*** Information provided Section Begins ***

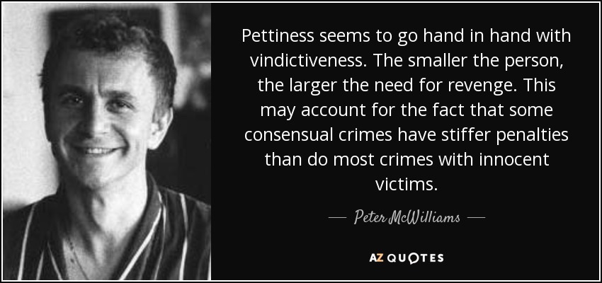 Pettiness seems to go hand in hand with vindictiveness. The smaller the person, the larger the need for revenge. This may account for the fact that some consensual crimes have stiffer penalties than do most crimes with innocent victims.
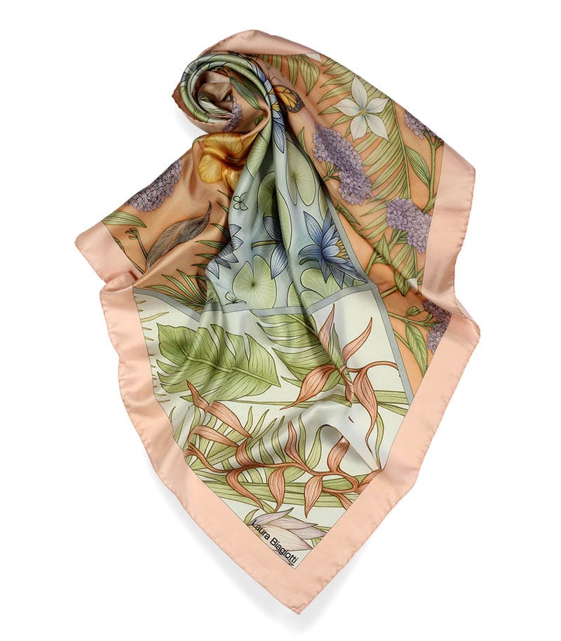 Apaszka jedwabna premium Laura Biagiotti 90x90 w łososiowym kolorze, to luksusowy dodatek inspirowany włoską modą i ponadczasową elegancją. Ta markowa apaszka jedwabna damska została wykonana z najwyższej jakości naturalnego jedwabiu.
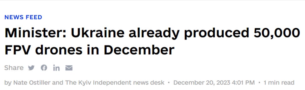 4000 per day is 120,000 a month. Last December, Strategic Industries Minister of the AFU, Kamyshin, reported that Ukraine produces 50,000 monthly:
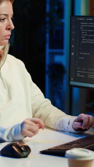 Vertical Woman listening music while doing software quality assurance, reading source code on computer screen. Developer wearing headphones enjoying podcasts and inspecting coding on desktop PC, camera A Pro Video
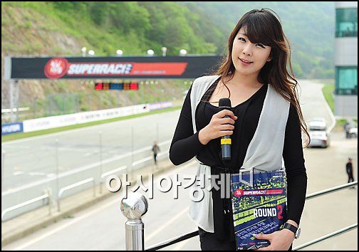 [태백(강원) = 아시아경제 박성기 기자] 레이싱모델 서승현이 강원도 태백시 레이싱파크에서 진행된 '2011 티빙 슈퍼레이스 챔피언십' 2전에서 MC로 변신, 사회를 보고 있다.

*** Information provided Section Ends ***

What the task asks
Pictures aside, reproduce the listing above exactly.

Answer to this task
 Pettiness seems to go hand in hand with vindictiveness. The smaller the person, the larger the need for revenge. This may account for the fact that some consensual crimes have stiffer penalties than do most crimes with innocent victims.
 Apaszka jedwabna premium Laura Biagiotti 90x90 w łososiowym kolorze, to luksusowy dodatek inspirowany włoską modą i ponadczasową elegancją. Ta markowa apaszka jedwabna damska została wykonana z najwyższej jakości naturalnego jedwabiu.
 4000 per day is 120,000 a month. Last December, Strategic Industries Minister of the AFU, Kamyshin, reported that Ukraine produces 50,000 monthly:
 Vertical Woman listening music while doing software quality assurance, reading source code on computer screen. Developer wearing headphones enjoying podcasts and inspecting coding on desktop PC, camera A Pro Video
 [태백(강원) = 아시아경제 박성기 기자] 레이싱모델 서승현이 강원도 태백시 레이싱파크에서 진행된 '2011 티빙 슈퍼레이스 챔피언십' 2전에서 MC로 변신, 사회를 보고 있다.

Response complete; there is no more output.